The Attorney General letter sent to the Governor of Colorado referencing a report from the Rocky Mountain High Intensity Drug Trafficking Area agency did not come as a surprise because similar letters have been sent to other states. Jeff Sessions is biased against marijuana, however if the report is accurate then Colorado does have some work to do. The report may be taking information out of context, but one way or another, Jeff Sessions is still very focused on states that have legalized marijuana. Are you comfortable with Jeff Sessions as the Attorney General?
Attorney General Jeff Sessions is questioning the efficacy of marijuana regulatory structures in Colorado in a letter to Gov. John Hickenlooper obtained by The Cannabist.
The letter dated July 24 arrived at the Colorado Capitol late Thursday, officials said. In it, Sessions cited data from a September 2016 report by the Rocky Mountain High Intensity Drug Trafficking Area (HIDTA), a federally funded agency operated out of the White House’s Office of National Drug Control Policy. The report claimed increases in highway patrol seizures, youth use, traffic deaths and emergency department visits since Colorado legalized adult-use sales of cannabis in 2014, according to the letter.
Closing out the letter, Sessions wrote:
“These findings are relevant to the policy debate concerning marijuana legalization. I appreciate your offer to engage in a continuing dialogue on this important issue. To that end, please advise as to how Colorado plans to address the serious findings in the Rocky Mountain HIDTA report, including efforts to ensure that all marijuana activity is compliant with state marijuana laws, to combat diversion of marijuana, to protect public health and safety, and to prevent marijuana use by minors. I also am open to suggestions on marijuana policy and related matters as we work to carry out our duties to effectively and faithfully execute the laws of the United States.”
The letter’s structure and message were nearly identical to that of a separate letter Sessions sent to Washington Gov.

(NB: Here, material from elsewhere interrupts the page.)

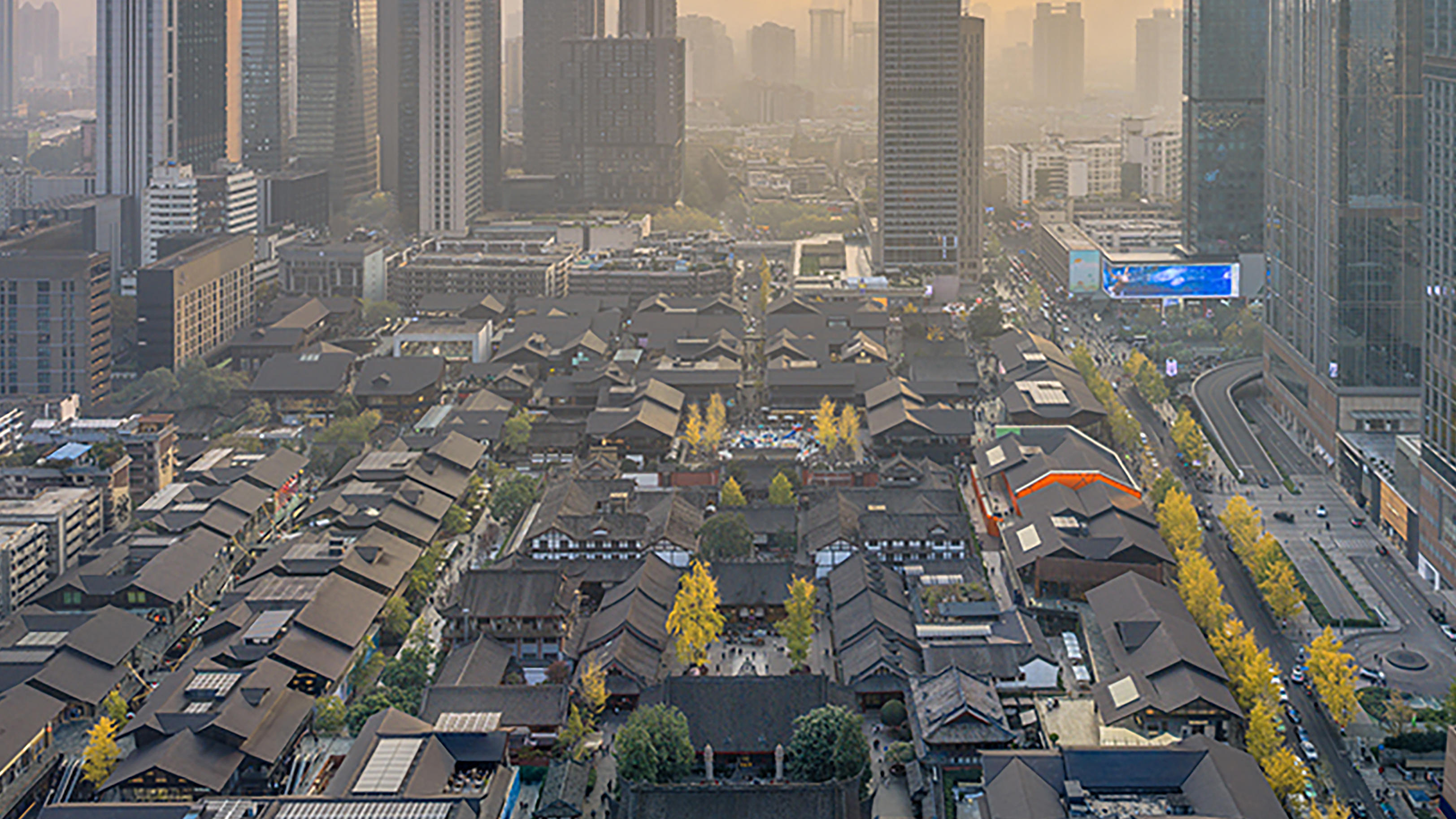 C视觉丨银杏鎏金 檐角挂冬:大慈寺冬景绘就成都封面

Jay Inslee, a correspondence that the Huffington Post obtained and reported late Thursday evening.
Notable passages in both letters highlight where Sessions sees flexibility for federal enforcement actions under the 2013 Cole Memorandum — Obama-era guidance for how prosecutors and law enforcement could prioritize their marijuana-related enforcement efforts.

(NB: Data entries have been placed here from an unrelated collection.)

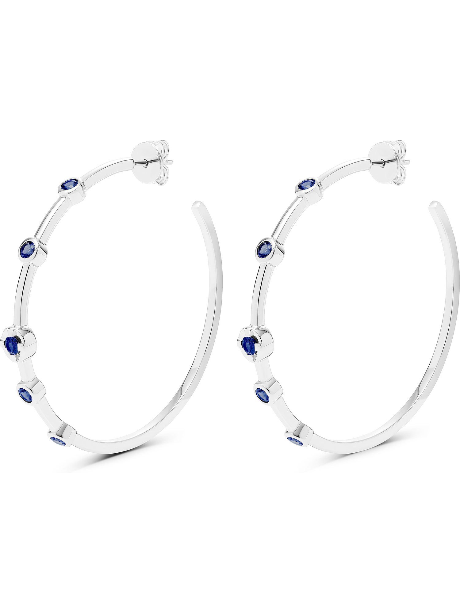 Wie royal anmutend kann ein Schmuckstück sein? Diese Ohrringe von JETTE rufen ganz laut: „Nie genug!“ Silberne Creolen kommen hier in Gesellschaft blauer Saphire daher, die ressourcenschonend im Labor hergestellt wurden. Insgesamt 5 an der Zahl fügen sich dezent in das zarte Gesamtbild ein. Ihr royales Blau passt perfekt zum kühlen Silber und verwandelt die Accessoires in eine Hommage an den funkelnden Nachthimmel. Doch nicht nur die Lab Grown Farbedelsteine passen perfekt zu einem nachhaltigen Lebensstil, sondern auch die Tatsache, dass der Ohrschmuck aus zu 100% recyceltem Silber hergestellt wurde.
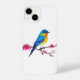 Blaue und gelbe Vögel mit rosa Blüten zeichnend iPhone Hülle
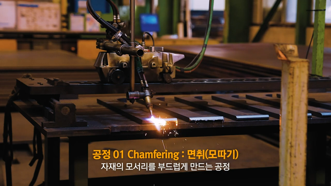 산소면취기를 사용해 가공된 철판의 모서리를 면취합니다.

The letters are a response to an April 3 letter from Hickenlooper and the governors of Alaska, Oregon and Washington, that implored the attorney general and treasury secretary to “engage with us before embarking on any changes to regulatory and enforcement systems.”
“The Department remains committed to enforcing the Controlled Substances Act in a manner that efficiently applies our resources to address the most significant threats to public health and safety,” Sessions wrote in his response. “I look forward to working with you on these issues.”